MADLAD-400 Translation (On-Device, 400+ Languages)

MADLAD-400-3B-MT is a T5 v1.1 encoder-decoder model from Google trained for many-to-many machine translation across 400+ languages. Apache 2.0. The Soniqo build runs as quantized MLX safetensors (INT4 / INT8) on Apple Silicon with no cloud calls. Drop it after ASR for live captioning, after TTS prep for multilingual voice agents, or use it standalone.

Pipe from ASR

audio transcribe meeting.wav | audio translate --to es — same binary, target language is the only required input. Source language is auto-detected by the encoder; you only specify what you want it translated into.

Quick Start

import MADLADTranslation

let translator = try await MADLADTranslator.fromPretrained()

// Greedy decode (recommended default)
let es = try translator.translate("Hello, how are you?", to: "es")
// → "Hola, ¿cómo estás?"

let zh = try translator.translate("Where is the library?", to: "zh")
// → "图书馆在哪里？"

// Streaming
for try await piece in translator.translateStream("Good morning", to: "fr") {
    print(piece, terminator: "")
}

CLI

audio translate "Hello, how are you?" --to es
audio translate "Bonjour" --to en --quantization int8
audio translate "Hello world" --to es --stream
audio translate --to fr --json    # JSON with timing metrics

# Pipe from ASR
audio transcribe meeting.wav | audio translate --to es

Architecture

T5 v1.1 encoder-decoder, ~3B parameters. 32 encoder + 32 decoder layers, d_model = 1024, d_kv = 128, num_heads = 16, gated GeLU FFN (d_ff = 8192). Position information arrives via a learned relative position bias (32 buckets, max distance 128) instead of position embeddings — bidirectional in the encoder, unidirectional (past-only) in the decoder. The bias table lives only on the first layer of each stack and is propagated through subsequent layers. Attention scores are not scaled by 1/√d_k — that's a T5 quirk.

Cross-attention K/V is computed once from the encoder output and reused for every decode step (cached in DecoderLayerCache.crossAttn). Decoder self-attention KV cache grows per generated token.

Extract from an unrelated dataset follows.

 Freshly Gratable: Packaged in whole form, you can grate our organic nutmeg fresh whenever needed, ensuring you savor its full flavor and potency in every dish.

Greedy decoding is the default and recommended for translation; temperature / top-k / top-p sampling is exposed for paraphrase-style use.

Model Variants

Variant	Quantization	Size	Compute	HuggingFace
MADLAD-400-3B-MT	INT4	~1.7 GB	Metal GPU (MLX)	aufklarer/MADLAD400-3B-MT-MLX (int4/)
MADLAD-400-3B-MT	INT8	~3.1 GB	Metal GPU (MLX)	aufklarer/MADLAD400-3B-MT-MLX (int8/)

Target Languages

Specify the target as the language code used in MADLAD's vocabulary (typically ISO 639-1 like es, fr, zh, ja, plus 400+ regional variants such as yue for Cantonese, min_nan for Hokkien). The tokenizer resolves <2{lang}> via direct vocabulary lookup and throws MADLADTranslationError.unsupportedLanguage if the code isn't recognized. Source language is auto-detected from the input — you do not specify it.

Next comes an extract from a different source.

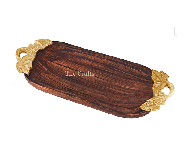 Kitchenware Serving Food Tray In Wooden Brown Color Serving Tray With Aluminium Handles At Cheap Prices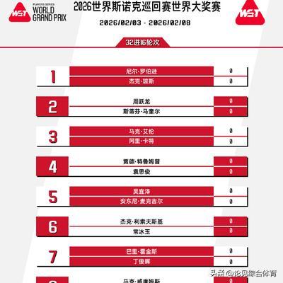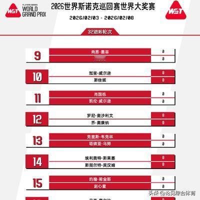 斯诺克:2026斯诺克世界大奖赛签表出炉 2026斯诺克香港世界大奖赛签表正式确定,根据单赛季排名,前32名选手将齐聚香港,赛事将于2月3日至8日举行。上周的苏格兰公开赛作为最后一项排名赛已圆满落幕,签表对阵为首尾对决,头号种子对阵单赛季第32名,二号种子对阵单赛季第31名,以此类推。 10位中国选手参赛,再创历史新高! 75三杰、80五虎全员参赛,阵容豪华! 卫冕冠军罗伯逊首轮对阵杰克琼斯。丁俊晖对阵霍金斯。赵心童对阵希金斯。奥沙利文对阵奥康纳。袁思俊再战特鲁姆普。吴宜泽对阵麦克吉尔。新科亚军常冰玉对阵利索夫斯基。肖国栋对阵威尔逊……你最期待哪场对决? 详细赛程将在近期公布

// Errors out if the language code isn't in MADLAD's vocab.
do {
    let _ = try translator.translate("Hello", to: "xx")
} catch MADLADTranslationError.unsupportedLanguage(let code) {
    print("MADLAD doesn't support: \(code)")
}

Sampling Configuration

let sampling = TranslationSamplingConfig(
    temperature: 0.0,        // greedy (default, recommended for MT)
    topK: 0,                 // disabled
    topP: 1.0,               // disabled
    maxTokens: 256,
    repetitionPenalty: 1.0
)
let result = try translator.translate("Long-form text…", to: "es", sampling: sampling)

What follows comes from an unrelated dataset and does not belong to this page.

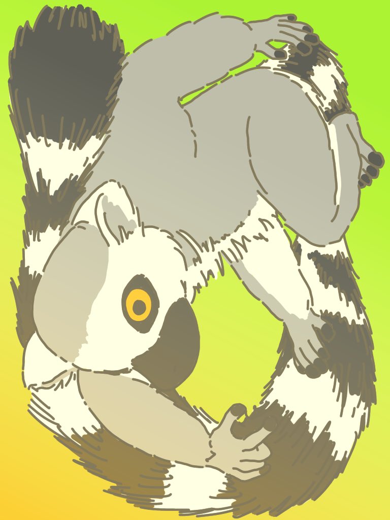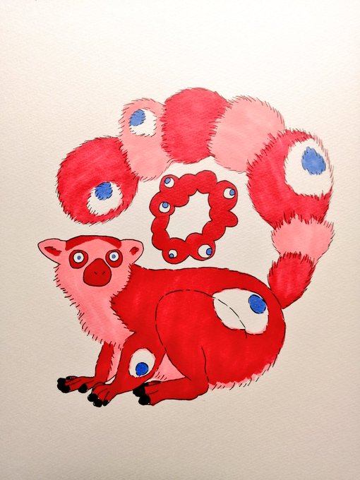 『露出狂ワオキツネザル』 #ワオキツネザル #アナログイラスト #私の絵柄が好みって人にフォローされたい

Parameter	Default	Description
`temperature`	0.0	0 = greedy. Bump to 0.6–0.8 for paraphrase variation.
`topK`	0	Top-K cutoff (0 = disabled).
`topP`	1.0	Nucleus sampling cutoff.
`maxTokens`	256	Hard cap on output length.
`repetitionPenalty`	1.0	>1 penalizes recently-generated tokens.

Conversion

The MLX safetensors at aufklarer/MADLAD400-3B-MT-MLX are quantized from the original google/madlad400-3b-mt via mx.quantize (group size 64). The q/k/v/o, wi_0/wi_1/wo, lm_head, and shared embedding are quantized; layer norm scales and the relative-position-bias table are kept as fp16. MADLAD's only HF embedding key (decoder.embed_tokens.weight) is renamed to shared.weight at conversion time so both encoder and decoder reuse it.

License

Apache 2.0 (inherited from google/madlad400-3b-mt). Model card lists the full set of supported language codes.